Mietrecht-Ratgeber 2026

Eigenbedarfskündigung erhalten?
Das kannst du jetzt tun

Fristen, Formfehler, Widerspruch und Härtefall – verständlich erklärt.
Plus: die eine Frage, die keiner beantwortet – ist MEINE Kündigung überhaupt wirksam?

Eine Hand zieht ein amtliches Schreiben aus einem Messing-Briefkasten an einer cremefarbenen Altbau-Hauswand im warmen Nachmittagslicht

Kurzantwort

Eigenbedarfskündigung: Die Kurzantwort

Eine Kündigung wegen Eigenbedarf ist nur wirksam, wenn dein Vermieter die Wohnung für sich, seine Familienangehörigen oder Angehörige seines Haushalts braucht (§ 573 Abs. 2 Nr. 2 BGB) und diesen Grund im Kündigungsschreiben nennt (§ 573 Abs. 3 BGB). Deine Kündigungsfrist beträgt je nach Mietdauer 3, 6 oder 9 Monate (§ 573c Abs. 1 BGB). Widersprechen kannst du in Textform – spätestens zwei Monate vor dem Ende (§§ 574, 574b BGB).

Deine Kündigungsfrist

3, 6 oder 9 Monate

je nach Mietdauer, § 573c Abs. 1 BGB

Widerspruch

2 Monate vorher

in Textform, §§ 574, 574b BGB

Sperrfrist nach Umwandlung

3 bis 10 Jahre

§ 577a BGB, Verlängerung per Landesverordnung

Wichtig zuerst: Eine Eigenbedarfskündigung ist keine Räumungsaufforderung, die sofort gilt – und sie ist auch keine Entscheidung, die schon gefallen ist. Sie ist eine Erklärung deines Vermieters, die du prüfen darfst. Ein großer Teil dieser Schreiben scheitert an Formalien: fehlende Begründung, laufende Sperrfrist, falsch berechnete Frist. Deshalb ist der erste Schritt nicht der Umzugskarton, sondern die Prüfung.

Fristen

Deine Fristen auf einen Blick

Zwei Fristen laufen parallel – und die wichtigere ist die kürzere.

Die Kündigungsfrist sagt, wann du spätestens ausziehen müsstest. Die Widerspruchsfrist sagt, bis wann du dich wehren musst, wenn der Auszug für dich eine Härte wäre. Sie endet zwei Monate früher – das ist der Termin, den du dir zuerst in den Kalender schreibst.

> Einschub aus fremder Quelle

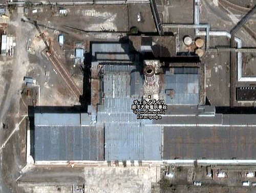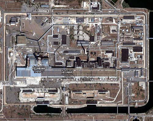 今回たまたまエレナさんのルポルタージュ、ゴーストタウン・チェルノブイリを読む機会を得た。 ※エレナ(ウクライナ):ゴーストタウン・チェルノブイリの映像 まさに彼女がバイクを飛ばした地域は、上の地図に示される赤とオレンジを含む甚大な影響を受けた地域であり、おそらく等ルー酒東南部の「アレクセイの泉」の舞台となった地域も含まれる。 エレナさんのルボルタージュと写真は、まさに欧米日本のどのマスコミも、ジャーナリストも伝えてこなかったチェルノブイリ原発事故の後遺症を余すことなく伝えている。もちろん、未だ高濃度の放射能が残る地域のこと、命がけのルポである。 私達がこの春ポーランド西部を車で飛ばしたときも似たような荒涼とした風景に出くわしたが、少なくともポーランド側にはどこにも人が住んでいて、ゴーストタウンなどではない。 機会があればぜひ、現地近くに出かけてみたいと思っている。 ところで、この際、グーグルアースやグーグルマップを使ってチェルノブイリを上空から見て見ようと考えた。ご承知のように、グーグルアースやグーグルマップは、全体としては解像度が低い画像だが、世界遺産やプラハ城のような建築物などがある場所、さらに東京23区では、数mの解像度で表示されるはずだ。 実際にトライしてみると、チェルノブイリ原発地域以外は、おおまかな精度でしか表示されななかったが、原発立地域だけはかなり高精度で表示された。 以下がグーグルで見たチェルノブイリ原発である。事故後、ロシア、ウクライナ、ベラルーシュは、地図上からチェルノブイリを消し去ったが、原発施設だけはあまりにも高濃度の放射能が残り、未だ生命に危険が及ぶ放射線が検出されることもあり、物理的に消し去ることは出来ない。 いずれも今となっては消し去れることのない貴重な衛星写真である! ![]() Aがチェルノブイリ原発の位置(ウクライナ)。すぐ北はベラルーシュ、北西はロシア。左端はポーランド。南はモルドバである。私達が訪問したルブリン、ジェシェフの地名がある。訪問したザモシチ、プリジミエルはさらにウクライナとの国境沿いの町である。風向きが東だったら間違いなくそれらポーランドの町は高濃度の放射能に覆われたことになる。 出典:グーグルマップ ![]() ウクライナ北中部にあるプリピャチとチェルノブイリ原発。この地域には多くの河川とその支流が集中している。ウクライナは世界有数な肥沃な土壌をもつ農地がある。大事故により農地の土壌汚染の影響は計り知れない! 出典:グーグルマップ チェルノブイリ原発のすぐ東に人造湖がある。 出典:グーグルマップ ![]() チェルノブイリ原発の主要部分。事故を起こした原発は西側(左側)にある。 出典:グーグルマップ ![]() 事故を起こした原発の拡大写真。排気口の影が見える。 出典:グーグルマップ ![]() 事故を起こした4号炉。現在は石棺と呼ばれている! 出典:エレナさんのゴーストタウン・チェルノブイリ 以下は最新のグーグルアースで3次元グラフィックス展開したチェルノブイリ原発である。 ![]() 出典:グーグルアースで3次元展開し作成 ![]() 出典:グーグルアースで3次元展開し作成
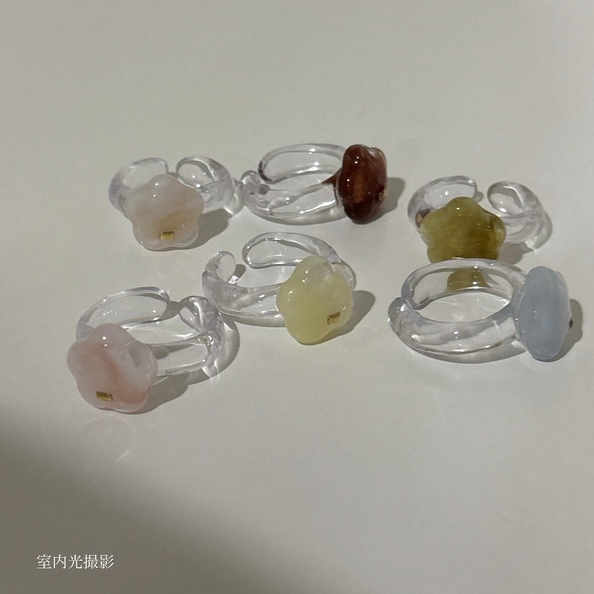 上品なゴールドレクタングルをあしらった、可愛いお花モチーフリング
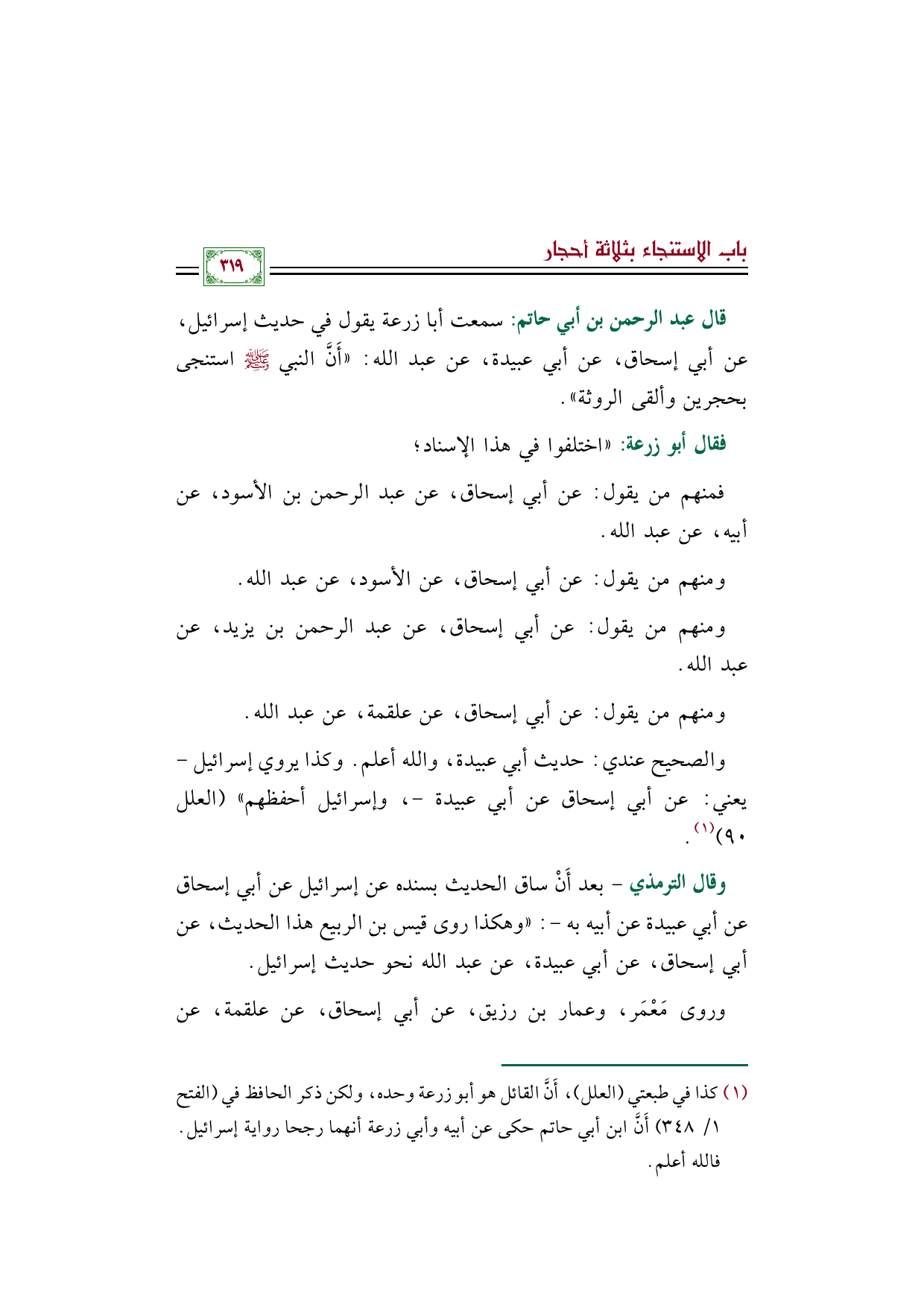 قال عبد الرحمن بن أبي حاتم: سمعت أبا زرعة يقول في حديث إسرائيل، عن أبي إسحاق، عن أبي عبيدة، عن عبد الله: «أَنَّ النبي صلى الله عليه وسلم استنجى بحجرين وألقى الروثة».

Situation Frist Rechtsgrundlage
Du wohnst bis 5 Jahre in der Wohnung 3 Monate § 573c Abs. 1 BGB
Du wohnst über 5 Jahre dort 6 Monate § 573c Abs. 1 BGB
Du wohnst über 8 Jahre dort 9 Monate § 573c Abs. 1 BGB
Widerspruch wegen Härte bis 2 Monate vor Ende, in Textform § 574b Abs. 1 und 2 BGB
Räumungsfrist nach Räumungsurteil angemessen, höchstens 1 Jahr § 721 Abs. 1 und 5 ZPO

Der Stichtag im Monat zählt mit: Die Kündigung ist nur dann zum Ablauf des übernächsten Monats zulässig, wenn sie dich spätestens am dritten Werktag eines Kalendermonats erreicht (§ 573c Abs. 1 BGB). Kommt sie später, verschiebt sich das Ende um einen Monat nach hinten. Heb deshalb den Briefumschlag auf und notiere das Datum, an dem das Schreiben bei dir war.

Prüfliste

Ist die Kündigung überhaupt wirksam?

Fünf Punkte, die du selbst am Kündigungsschreiben prüfen kannst.

1. Ist das Schreiben unterschrieben – auf Papier?

Die Kündigung eines Mietverhältnisses bedarf der schriftlichen Form (§ 568 Abs. 1 BGB). Eine Kündigung per E-Mail, WhatsApp oder SMS erfüllt das nicht. Prüfe außerdem, ob die Person unterschrieben hat, die im Mietvertrag als Vermieter steht – oder ob eine Vollmacht beiliegt.

2. Steht im Schreiben, WER einziehen soll und WARUM?

Die Kündigungsgründe müssen im Kündigungsschreiben angegeben werden (§ 573 Abs. 3 BGB). „Wegen Eigenbedarf“ allein ist keine Begründung – es muss erkennbar sein, für welche Person die Wohnung gebraucht wird und woraus sich das Interesse ergibt. Nachgeschobene Gründe werden nur berücksichtigt, wenn sie nachträglich entstanden sind.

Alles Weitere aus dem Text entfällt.